Console.WriteLine($"Prediction: {predicted[0][0]*100}");
Console.WriteLine($"Prediction: {predicted[0][1]*100}");

And this is the ouput

    483/483 [==============================] 
    - 9s 6ms/step - loss: 0.1989 - accuracy: 0.9633 - val_loss: 0.0416 - val_accuracy: 1.0000
      4/4 - 0s - loss: 0.0416 - accuracy: 1.0000
    Test loss: 0.04155446216464043
    Test accuracy: 1
    1/1 - 0s

    Prediction: 0.0010418787496746518
    Prediction: 99.99896287918091

The same predict data used in ML.net gives a different results, but with ML.Net the accuracy is only 0.6, that's why I need a deep learning

M.Innat · Accepted Answer

I didn't have c# set up to reproduce your code. But I see one small issue that you may need to consider (not sure if this caused the trouble). According to your above code set up, I think you're using the wrong loss function for training. As you set,

Util.ToCategorical(train_y, 2);
model.Add(new Dense(2, activation: "softmax"));

Then your loss function should be 'categorical_crossentropy' and should be not 'binary_crossentropy'. Because, you transformed your labels (-1, 1) to a one-hot encoded vector and set softmax activation in your last layer.

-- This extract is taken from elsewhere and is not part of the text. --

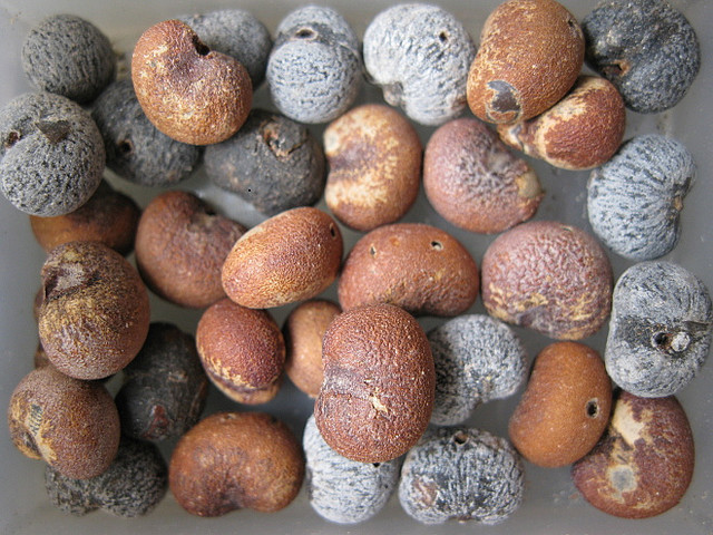 Flowering occurs in both the dry and the wet season. Buds are rounded with a cone-shaped tip. Flowers are showy and sometimes paired, but usually produced singly at the end of a 15-90 cm long hanging stalk. The calyx is typically made up of 5 (sometimes 3) green triangular bent-back lobes (sepals) with a cream-coloured, hairy interior. The petals are white, roughly the same width and length – up to 8 cm, and are crumpled in bud. Flowers open during the late afternoon, staying open and fertile for only one night. The fresh flowers have a sweet scent, but after about 24 hours, they start to turn brown and emit a carrion smell. The androecium is white and made up of a 3-6 cm long tube of fused stamens (a staminal tube) surrounded by unfused (free) filaments 3–5 cm long. There are a large number of stamens, 720-1600 per flower. Styles are white, growing through the staminal tube and projecting beyond it. They are usually bent at right-angles and topped with an irregular stigma. Pollen grains are spherical with spikes over the surface, typical of the Malvaceae family. Pollen grain diameter is around 50 microns.

However, as you said, your labels are -1 and 1; so if you treat your problem as a binary classification problem, then the set up should be something like as follows:

# Util.ToCategorical(train_y, 2); # no transformation 
model.Add(new Dense(1, activation: "sigmoid"));
model.compile(..., loss: "binary_crossentropy" )

Reference.

Neural Network and Binary classification Guidance
Selecting loss and metrics for Tensorflow model

Update

Here I will give some working demo code for better understanding. But before that, here is one small note. Let's say, we have a training data set and labels start from < 0 or minus value, [-2, -1, 0, 1] for example. And to transform this integer value into a one-hot encoded vector, we can pick either tf.keras.utils.to_categorical or pd.get_dummies function. But a small difference between these two methods is, in tf..to_categorical, our integer label must start from 0; which is not in the case of pd.get_dummies, please check my other answers on this. Shortly,

np.random.randint(-1, 1, size=(80))
array([-1, -1,  0,  0,  0 .. ]

pd.get_dummies(a).astype('float32').values[:5] 
array([[1., 0.],
       [1., 0.],
       [0., 1.],
       [0., 1.],
       [0., 1.]], dtype=float32)

tf.keras.utils.to_categorical(a+1, num_classes = 2)[:5]
array([[1., 0.],
       [1., 0.],
       [0., 1.],
       [0., 1.],
       [0., 1.]], dtype=float32)

Okay, I'm giving now some working demo code.

img = tf.random.normal([80, 32], 0, 1, tf.float32)
tar = pd.get_dummies(np.random.randint(-1, 1,  # mine: [-1, 1) - yours: [-1, 1]
                                       size=80)).astype('float32').values 

model = tf.keras.Sequential()
model.add(tf.keras.layers.Dense(10, input_dim = 32, 
                       kernel_initializer ='normal', 
                       activation= 'relu'))
model.add(tf.keras.layers.Dense(2, activation='softmax'))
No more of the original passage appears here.